Мохаммед-Таги удивился: «Что у него за барин такой, всего два дня там не были, а он уже говорит «давненько» и как будто совсем позабыл, что, если бы судьба не послала того парня, так ему бы и смерть пришла».

Но так как он давно просил аллаха, чтобы тот углубил глупость барина до таких именно пределов, и так как ему, по существу, нужны были только бариновы деньги, то он ответил, что сегодня же пойдет к Нахид-ханум и условится о времени их нового посещения.

Вечером он докладывал барину:

– Кроме того, что вас ранили, там еще и другие происшествия случились, и, между прочим, Эфет убежала. Как только я вошел, Нахид-ханум схватила меня за воротник:

«Не пущу, – говорит, – скажи, что ты с моей лучшей девушкой сделал, куда увел? Говори, живо. Я ее у Мажур-ханум за семьдесят туманов купила, а ты увел».

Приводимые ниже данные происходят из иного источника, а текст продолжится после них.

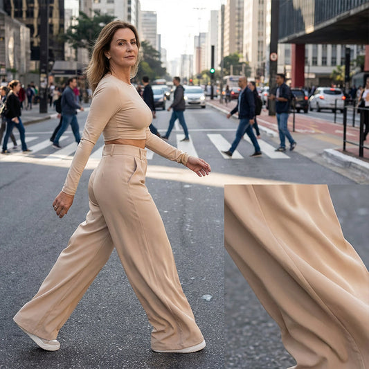 ⌛ Nur noch 3 Tage – 50 % auf alles! ⏰ Damen-Hose mit hohem Bund, weitem Bein und einfarbigem Bein

Очень я удивился. Она видит, что я действительно удивляюсь, и тут же поняла, что я об этом ничего не знаю. И рассказала мне, что после того, как мы ушли, туда пришел офицер с ажаном и Ризэ увели. Эфет исчезла. И с того самого дня и до сих пор ее нет. «Все соседние дома обошла, и следа, – говорит, – ее нет». А я ей говорю: «Ты что же, воображаешь, значит, что я в этом участвовал? Очень глупо, – говорю, – думаешь. Я этим не занимаюсь и подобных особ у себя дома держать не стану». Ну, она видит, что я верно говорю, и замолчала. А я, чтобы ей понравиться, сказал: «Барин чрезвычайно тем вечером довольны остались, прямо до бесконечности, особенно тем, как вы их принимали, так что желают повторить. Не думай, что если Эфет нет, так барин уж и не придет. Барин, если ему понадобится, и на других может обратить внимание». А она отвечает: «Если эти ему не понравятся, так я займу тут одну у соседок, потому что очень мне ваш барин понравился, мне желательно всегда ему служить». Сиавуш-Мирза рассердился:

– Зачем я туда пойду? Я Эфет хочу, а Эфет там нет.

Мохаммед-Таги сказал:

– Да ведь я уже вам докладывал, что это я только из любезности сказал, а то я знаю, что там теперь ничего такого нет, что было бы вам по вкусу и мне, вашему слуге, по зубам. Но, чтобы ей голову заморочить, я даже ей сказал, что барин, мол, еще сегодня к вам придут.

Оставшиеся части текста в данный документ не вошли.